Indeed, leftists routinely portray Bush’s war on terrorism as a battle of competing fundamentalisms, Islamic vs. Christian. It is Bush, more than bin Laden, they say, who threatens abortion rights and same-sex marriage and the entire social liberal agenda in the United States. So leftist activists such as Michael Moore and Howard Zinn and Cindy Sheehan seem willing to let the enemy win in Iraq so they can use that defeat in 2008 to rout Bush — their enemy at home.

This isn’t, of course, what most hard-core Left antiwar activists “routinely” say; they tend, in fact, to ascribe economic or militarist motives to Bush’s foreign policies, and often view the cultural aspects of the conflict with Jihadism as phony window-dressing for oil-lust or military contracts. But here’s Dsouza’s most ridiculous misrepresentation of reality:

Now I fear that the extreme cultural left is whispering into the ears of the Democratic Congress. Cut off the funding. Block the increase in troops. Shut down Guantanamo Bay. Lose the war on terrorism — and blame Bush.

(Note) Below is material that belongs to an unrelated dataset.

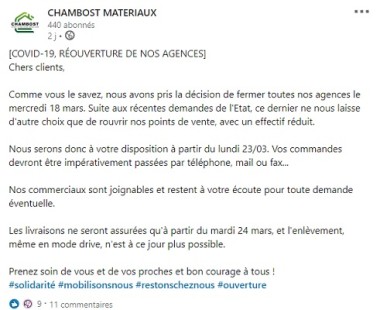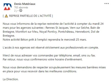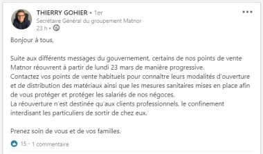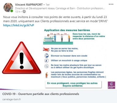 Combien de points de vente ont à nouveau levé le rideau ce matin dès 7h30 ou 8h00 ? En fin de semaine dernière, Franck Bernigaud, le président de la FNBM – la plus importante fédération du négoce Bâtiment qui représente environ 5 500 agences – estimait que « 40 % du réseau devaient pouvoir reprendre une activité dès le lundi 23 mars ». Seuls les sites jugés stratégiques sont en activité pour l’instant. Chez Legallais, par exemple, Philippe Nantermoz, mentionne « 6 agences ouvertes ce matin sur nos principales agences : Caen, Lyon, Paris-Saint Denis, Lille, Marseille et Mantes-Magnanville (78). Peut-être d'autres plus tard, mais nous attendons de voir la communication gouvernementale du début de semaine ». Dans un communiqué diffusé ce matin, Saint-Gobain indique que « certaines enseignes en France, qui se sont arrêtées quelques jours, reprennent progressivement leur activité ». Selon une information d’Europe 1 publiée vendredi 20 mars , en cours de soirée, « dès lundi matin, 40% des enseignes du groupe Saint Gobain, comme Point.P, ou encore Cédéo, rouvriront leurs portes dès 8 heures ». Avec un accès réservé aux seuls professionnels du BTP. Chez Gedimat, des adhérents d’Algorel comme FIC sur la région de Montpellier, le lyonnais BigMat Girardon, le breton Denis Matériaux, Matnor, Chambost ou encore Carrelage & Bain, la reprise s’étale entre aujourd’hui et mardi 24 mars. Un report d’une journée que certains distributeurs justifient pour adapter la sécurité des agences et les conditions d’accès, mais aussi former les équipes à des conditions drastiques de réouverture. De son côté, le Groupe Samse qui, à son tour, expédie aujourd’hui 10 000 masques FFP2 aux quatre CHU de Mulhouse, Dijon, Grenoble et Perpignan, organise jeudi 26 mars un webinar « pour échanger autour du télétravail et de la situation » actuelle. Un moyen d’aider les équipes et professionnels confinés à « passer de la sidération à l'action ».

This is, to use a technical term, complete crap. If anyone’s “whispering in the ears of the Democratic Congress,” it’s the American people, many of whom have become convinced that Bush’s Iraq policies, not our liberal cultural traditions, are risking defeat in the broader struggle with Jihadism. And if anyone’s being defeatist here, it’s people like Dsouza, who believe this country should blame itself for Jihadism, repudiate our own culture, curtail our own freedoms, and align ourselves with people whose main dissent from al Qaeda’s doctrines is merely tactical.